Clovis Unified School District is embarking on changing how trustees will be elected to the School Board starting in 2024.
Four trustee seats — Areas 2, 4, 5, and 7 — would be elected by trustee area voters instead of by all district voters for the first time in the district’s history.
Board members in the past have emphasized the importance of at-large voting which they say helps guarantee that trustees focus on the entire district and not just their trustee area. Up to now, the trustees have been elected to represent specific areas but must campaign across the entire district to be elected.
Voting rights advocates consider by-area elections important for minority representation on elected bodies. The four Clovis Unified School District seats that will be up for election in 2024 are held by David DeFrank, Hugh Awtrey, Steven Fogg, and Yolanda Moore. Moore is the board’s only person of color.
Last week, the board approved a resolution to undertake a lengthy process of determining district demographics, holding public hearings, and then finishing the trustee election map in time for the 2024 elections.
The process was initiated in 2021 by the board but was delayed after the pandemic presented challenges to scheduling public hearings that are necessary prior to implementing a trustee election map.
Supreme Court Decision Pending
The board’s resolution references an ongoing court case, Pico Neighborhood Association v. the City of Santa Monica.
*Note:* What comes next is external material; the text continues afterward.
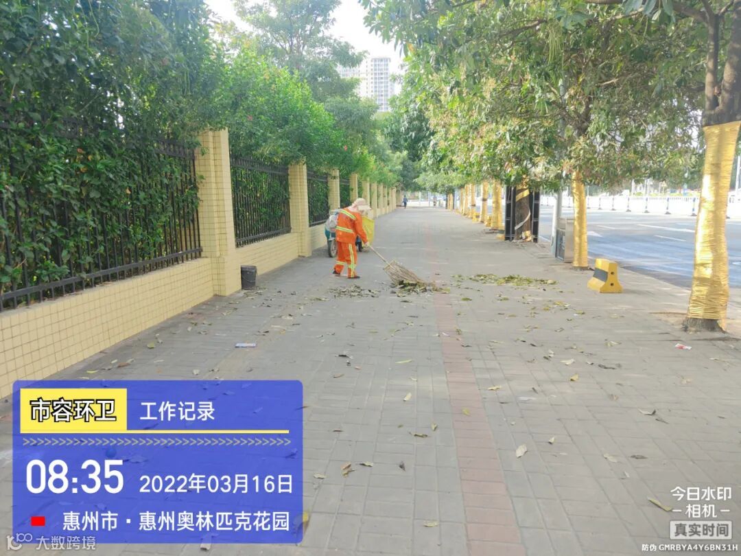 2、受天气原因影响落叶增多,增加人行道及慢车道巡回落叶清理频次,突击队协助清理惠博大道等绿化带死角卫生;
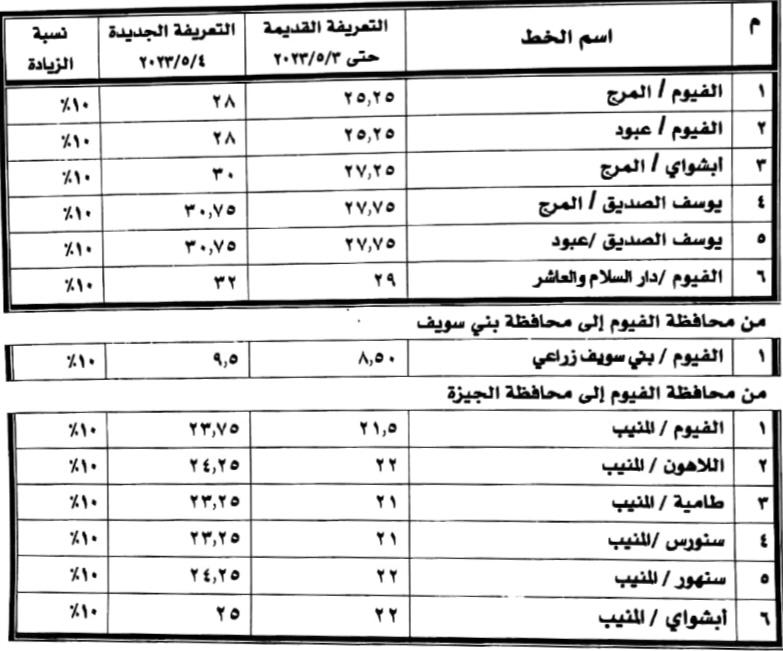 وقال محافظ الفيوم، أن اللجنة التى تم تشكيلها لتعديل التعريفة، قد وضعت فى اعتبارها مسافة كل خط سير، وعدد الرحلات، تحقيقاً للعدالة، كما تم التنسيق مع المحافظات المجاورة التى ترتبط مع المحافظة بخطوط سير، لضمان توحيد التعريفة.

That case raises issues concerning at-large voting and the California Voting Rights Act and that is now under review by the California Supreme Court.
The resolution said district officials will take the court’s decision into consideration when formulating the new method of elections.
District spokeswoman Kelly Avants said the court’s ruling could result in changes to the processes that the district must follow, and that could create further delays.
EdSource reported last week that the district recently received a letter threatening legal action from a Malibu law firm, Shenkman and Hughes, that has a long history of suing cities and school districts that still use at-large elections.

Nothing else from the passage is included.